John Milton, one of England’s finest poets, played a small organ as a young man with his family music consort and was considered to have “a most tuneable ear”. Organs are reflected in his poem Il Pensoroso: There let the pealing organ blow, to the full voiced quire below. Considering his musical background Milton would surely have appreciated the evensong service at Portsmouth Cathedral we were privileged to attend in June. He could, quite possibly, have been familiar with the canticles, The First Service – Thomas Weelkes, with men’s voices and organ continuo, as Milton lived until 1674, surviving Weelkes by some fifty years.

   Of course, Portsmouth is principally noted for its maritime connections and history, but our visit revealed a much broader cultural palette, discovering organs and music of consummate quality. The Cathedral Church of St Thomas, together with its 20th century extensions and embellishments, is an aesthetic delight. The modern Romanesque nave in no way overshadows the essence of the original 1185 Quire with its historic warmth and all-enveloping acoustic that musically enhances and blends voices and instruments into a silken whole.
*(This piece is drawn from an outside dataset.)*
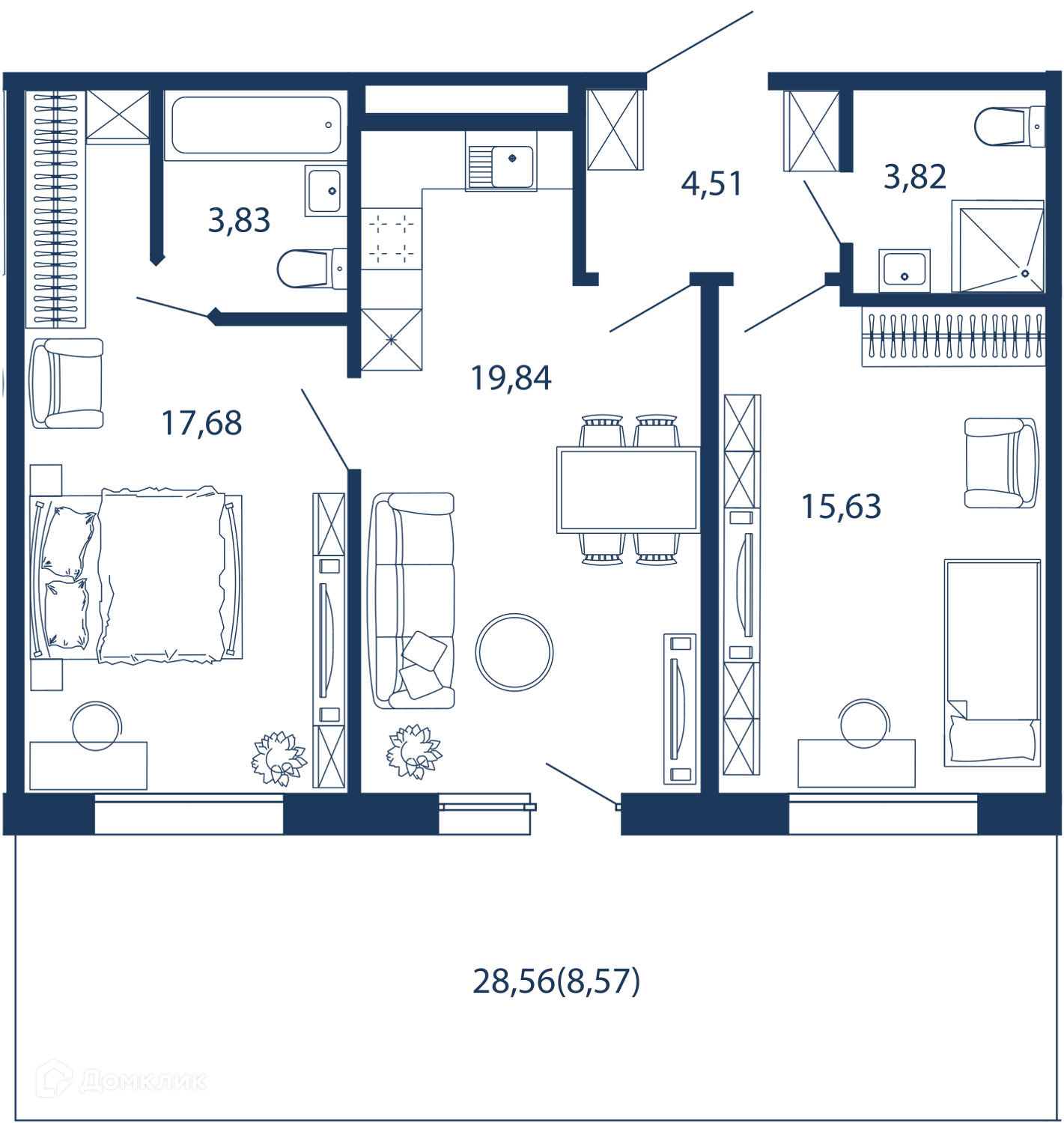 ✅ Кухня: 19.8 м² — эргономичное пространство.

Speaking into this acoustic, the 1861 Nicholson organ, rebuilt with new soundboards and actions, is a delicate yet colourful delectation of English tonality. Providing a contrast, we also visited St Mary’s Church Portsea, which offered a thirty-eight-stop J W Walker organ, built and installed in 1886; an organ for those who enjoy more tonal weight, richness and excitement.

   We are fortunate to have access to venues and instruments not normally accessible to the public, which made our January meeting at Tonbridge School particularly rewarding. Following the disastrous fire, some twenty years ago, the school’s rebuilt Edwardian chapel still retains an impressive grandeur, although the Marcussen & Søn organ, completed in 1995, is a very different animal from the chapel’s original 1909 Binns organ. However, Julian Thomas, the Chapel Organist, gave a revealing demonstration with music by Bach, Vierne and Howells.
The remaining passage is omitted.